### Given information
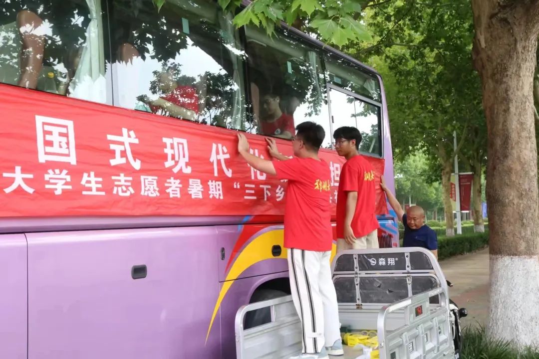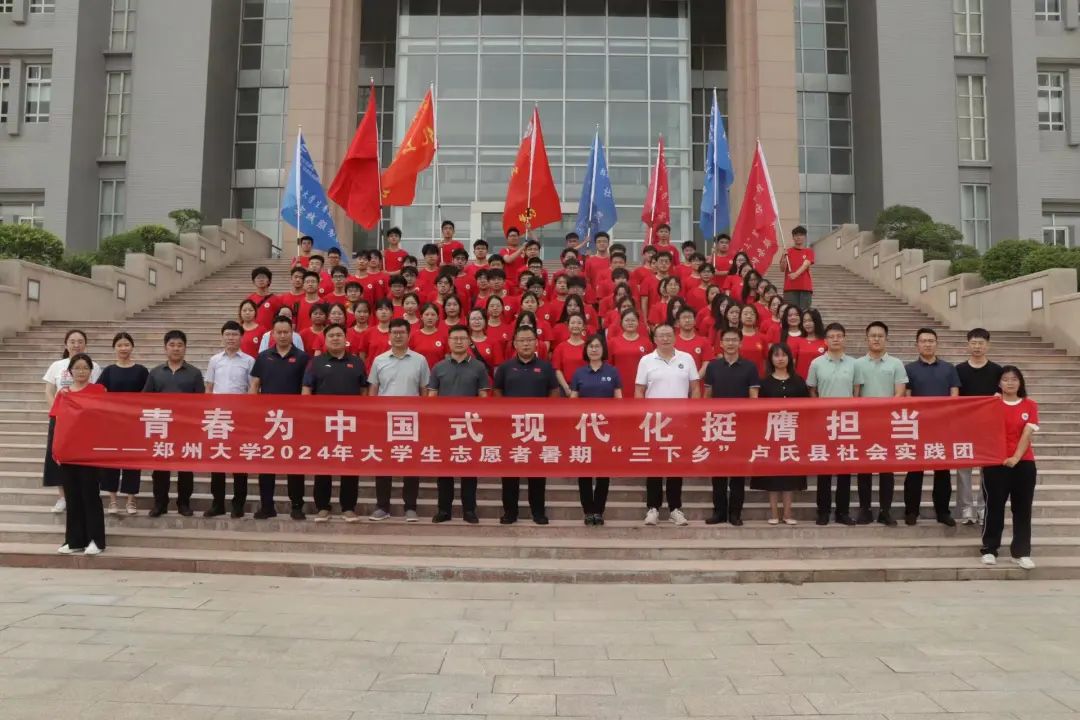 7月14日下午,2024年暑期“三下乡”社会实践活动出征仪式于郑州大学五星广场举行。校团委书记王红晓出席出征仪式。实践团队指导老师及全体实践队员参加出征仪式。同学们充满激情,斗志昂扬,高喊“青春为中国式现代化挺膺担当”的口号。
--
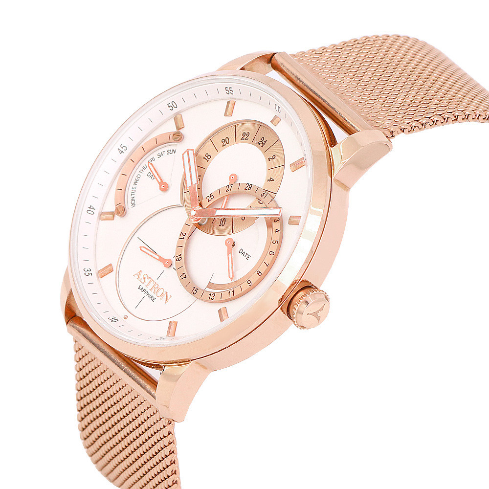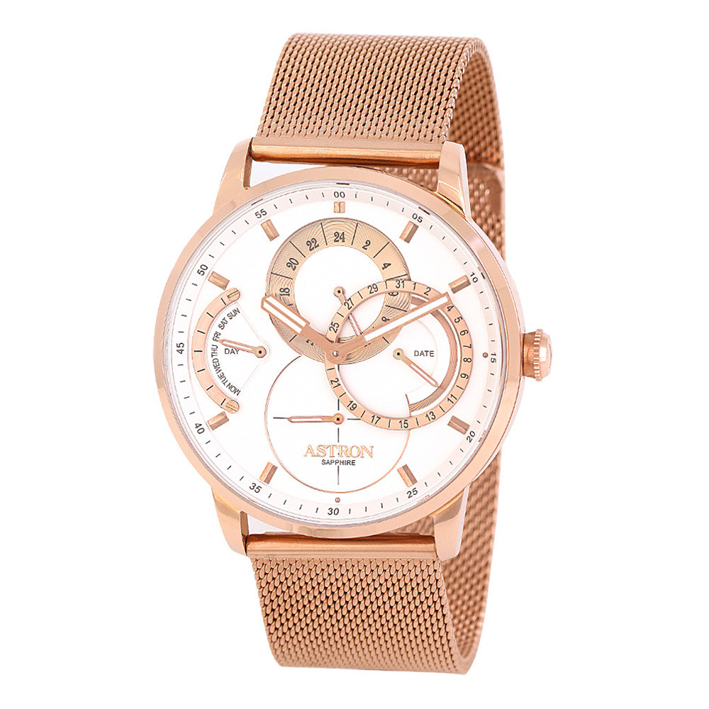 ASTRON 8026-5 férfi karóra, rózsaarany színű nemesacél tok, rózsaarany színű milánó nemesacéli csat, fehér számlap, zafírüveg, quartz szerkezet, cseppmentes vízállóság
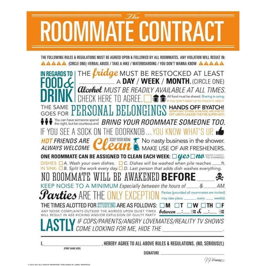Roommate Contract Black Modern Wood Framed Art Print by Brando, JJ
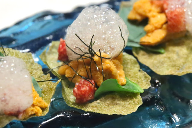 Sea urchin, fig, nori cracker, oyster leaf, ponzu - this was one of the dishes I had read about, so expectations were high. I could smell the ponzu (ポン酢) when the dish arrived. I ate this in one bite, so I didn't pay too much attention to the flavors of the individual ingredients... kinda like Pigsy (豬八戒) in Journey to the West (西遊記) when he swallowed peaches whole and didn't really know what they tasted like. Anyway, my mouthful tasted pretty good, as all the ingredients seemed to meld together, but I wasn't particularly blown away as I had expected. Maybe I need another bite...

### What needs to be done
Above are entries with pictures among them. Write out exactly the lines from the one containing "ASTRON 8026-5 férfi" through the one containing "Roommate Contract Black", ends included, and leave those pictures out.

### Result of the task
 ASTRON 8026-5 férfi karóra, rózsaarany színű nemesacél tok, rózsaarany színű milánó nemesacéli csat, fehér számlap, zafírüveg, quartz szerkezet, cseppmentes vízállóság
Roommate Contract Black Modern Wood Framed Art Print by Brando, JJ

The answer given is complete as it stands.